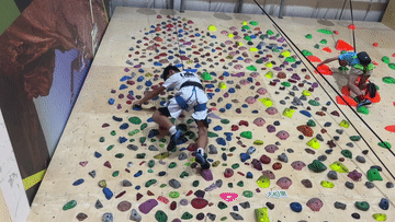 目光如炬地攀爬在室內(nèi)巖壁上
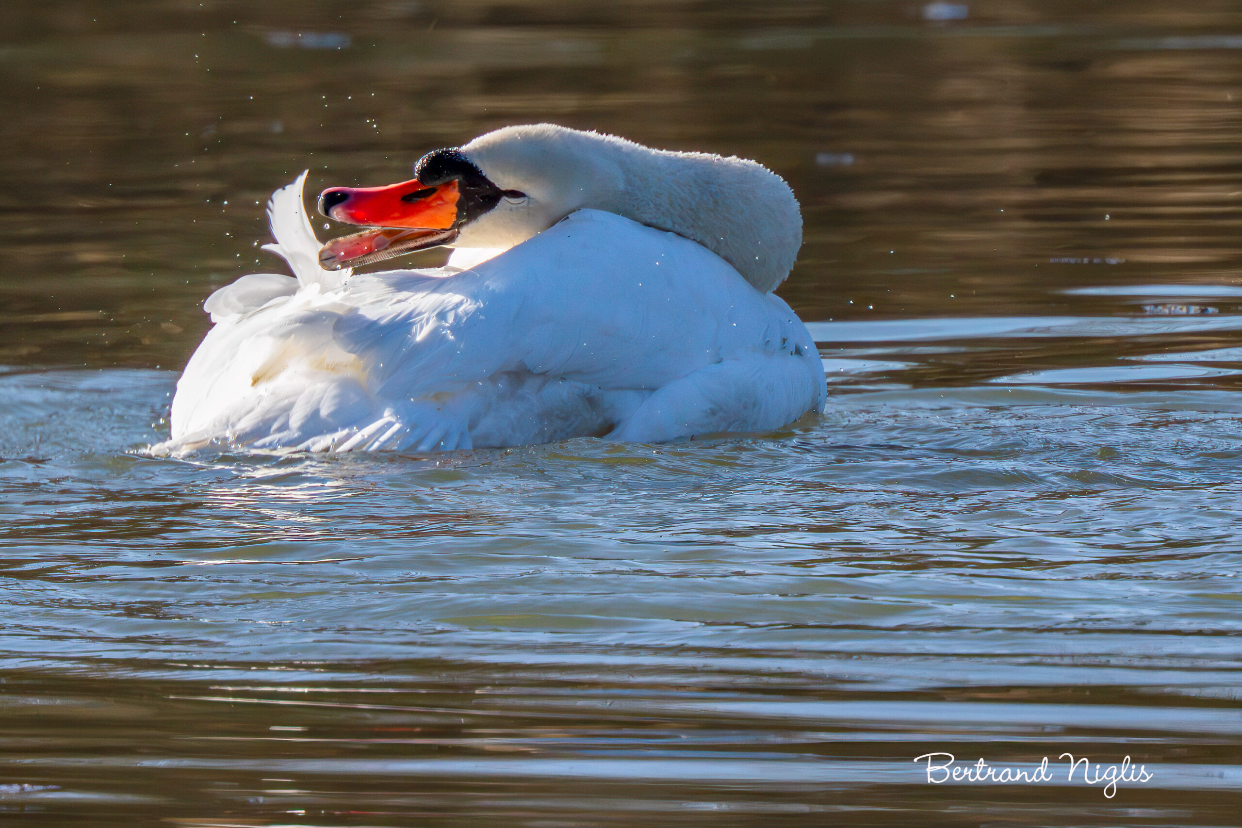 L’étape suivante concerne l’entretien du plumage grâce à la glande uropygienne. Située à la base du dos, elle sécrète une substance riche en cires et en graisses. L’oiseau frotte sa tête contre cette glande pour récolter cette « pommade », puis utilise son cou flexible comme un pinceau pour la répartir sur les zones difficiles d’accès. Plus qu’une simple imperméabilisation, cette huile préserve la souplesse de la kératine et possède des propriétés antifongiques. Avec ses 24 à 25 vertèbres cervicales (contre seulement 7 chez l’humain), le cygne peut atteindre chaque « angle mort » de son corps.
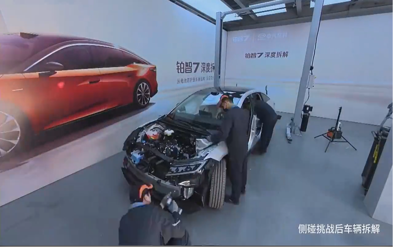 此外,铂智7还完成了多项严苛测试。以“异形刮底叠加侧碰”测试为例,车辆先经19cm高异形硬物刮底,再遭60km/h侧面撞击。乘员舱结构保持完整,电池包未起火、未泄漏,高压下电与E-CALL紧急呼叫同步触发,从结构防护到救援响应形成闭环。
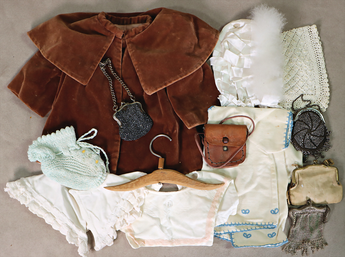 Konv. Puppenkleidung, unterschiedliche Zeit, dazu kl. Taschen, Leder-, Stoff- oder Perlenarbeit
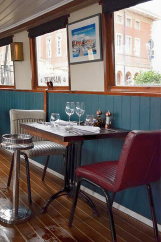 The independently owned restaurant, Bistro On The Quay, sits on the beautiful Ipswich waterfront and is known to be the perfect spot for a warm welcome and tasty European cuisine. Bistro On The Quay has an interior that simulates the inside of a boat and has a mix of coastal and industrial elements that experiment with Mediterranean blues and gold accents. Here’s how Peppermill Interiors’ furniture helped Bistro On the Quay achieve their interior desires!
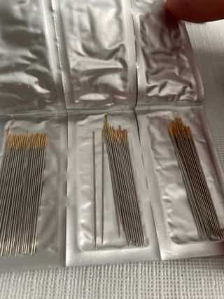Pack de agujas de coser a mano de la marca Regal. - Acabado niquelado. - Modelo: Nylon Darning (Laine). - Tamaño: No. 8 y No. 7 - Cantidad: 20 agujas por paquete. - Fabricadas en Japón. 2 paquetes x 1 euro
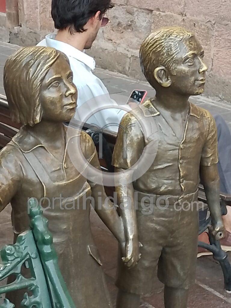 A unas cuadras de la Policía de Morelia y en pleno centro de la ciudad, nuevamente le robaron la maleta a la escultura metálica de los niños españoles.
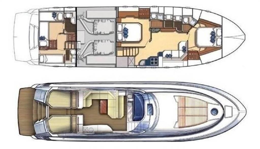 Alarme moteur, Alarme de pompe de cale, Ancre (CATENA IN ACCIAIO INOX), Eau sous pression, Douche de cockpit, Flaps hydrauliques, Hard top (ELETTRICO), Extincteur(s) fixe(s), Indicateurs de flaps, Éclairage de courtoisie, Spots sous-marins, Passerelle (IDRAULICA), Plateforme arrière, Pompe de cale automatique, Pompe de cale manuelle, Cockpit en teck, Prise de quai, Guindeau électrique, Echelle de bain, Selles pour Annexe, table de cockpit, Corne, Winch électrique arrière, Winch électrique avant.

What to work on: Using the records above, print exactly the run of lines that starts with the line with "The independently owned" and goes on through the line with "Pack de agujas", pictures excluded.

Solution to this exercise:
 The independently owned restaurant, Bistro On The Quay, sits on the beautiful Ipswich waterfront and is known to be the perfect spot for a warm welcome and tasty European cuisine. Bistro On The Quay has an interior that simulates the inside of a boat and has a mix of coastal and industrial elements that experiment with Mediterranean blues and gold accents. Here’s how Peppermill Interiors’ furniture helped Bistro On the Quay achieve their interior desires!
Pack de agujas de coser a mano de la marca Regal. - Acabado niquelado. - Modelo: Nylon Darning (Laine). - Tamaño: No. 8 y No. 7 - Cantidad: 20 agujas por paquete. - Fabricadas en Japón. 2 paquetes x 1 euro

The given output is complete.